Getirana A.,NASA | Getirana A.,University of Maryland College Park | Boone A.,Meteo - France | Peugeot C.,CNRS HydroSciences Montpellier Laboratory | And 56 more authors.
Journal of Hydrometeorology | Year: 2017

Comparing streamflow simulations against observations has become a straightforward way to evaluate a land surface model's (LSM) ability in simulating water budget within a catchment. Using a mesoscale river routing scheme (RRS), this study evaluates simulated streamflows over the upper Ouémé River basin resulting from 14 LSMs within the framework of phase 2 of the African Monsoon Multidisciplinary Analysis (AMMA) Land Surface Model Intercomparison Project (ALMIP2). The ALMIP2 RRS (ARTS) has been used to route LSM outputs. ARTS is based on the nonlinear Muskingum-Cunge method and a simple deep water infiltration formulation representing water-table recharge as previously observed in that region. Simulations are performed for the 2005-08 period during which ground observations are largely available.

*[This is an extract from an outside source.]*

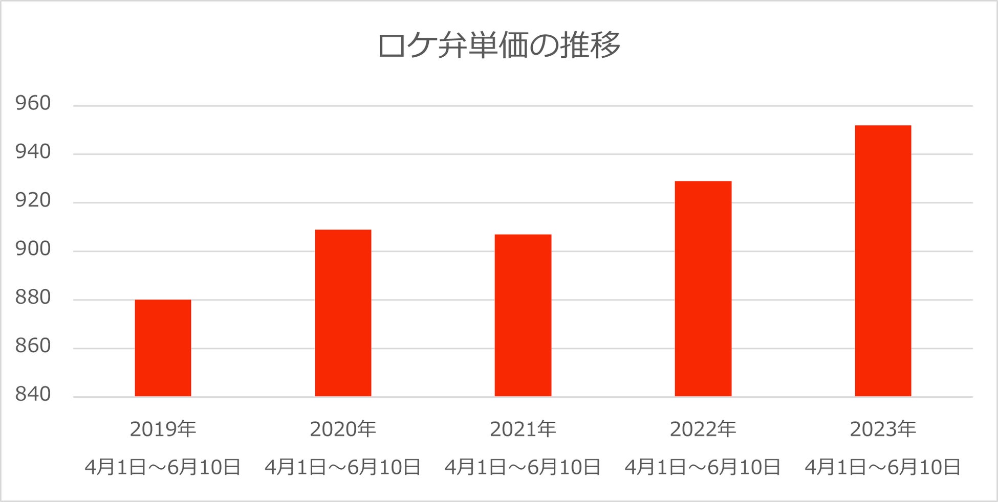 ロケ弁業界における最新の調査結果を発表します。4月1日から6月10日までの期間を対象に、2019年~2023年の状況を比較しました。

Experiments are designed using different ground-based rainfall datasets derived from two interpolation methods: the Thiessen technique and a combined kriging-Lagrangian methodology. LSM-based total runoff (TR) averages vary from 0.07 to 1.97 mm day-1, while optimal TR was estimated as ~0.65 mm day-1. This highly affected the RRS parameterization and streamflow simulations. Optimal Nash-Sutcliffe coefficients for LSM-averaged streamflows varied from 0.66 to 0.92, depending on the gauge station. However, individual LSM performances show a wider range. A more detailed rainfall distribution provided by the kriging-Lagrangian methodology resulted in overall better streamflow simulations. The early runoff generation related to reduced infiltration rates during early rainfall events features as one of the main reasons for poor LSM performances. © 2017 American Meteorological Society.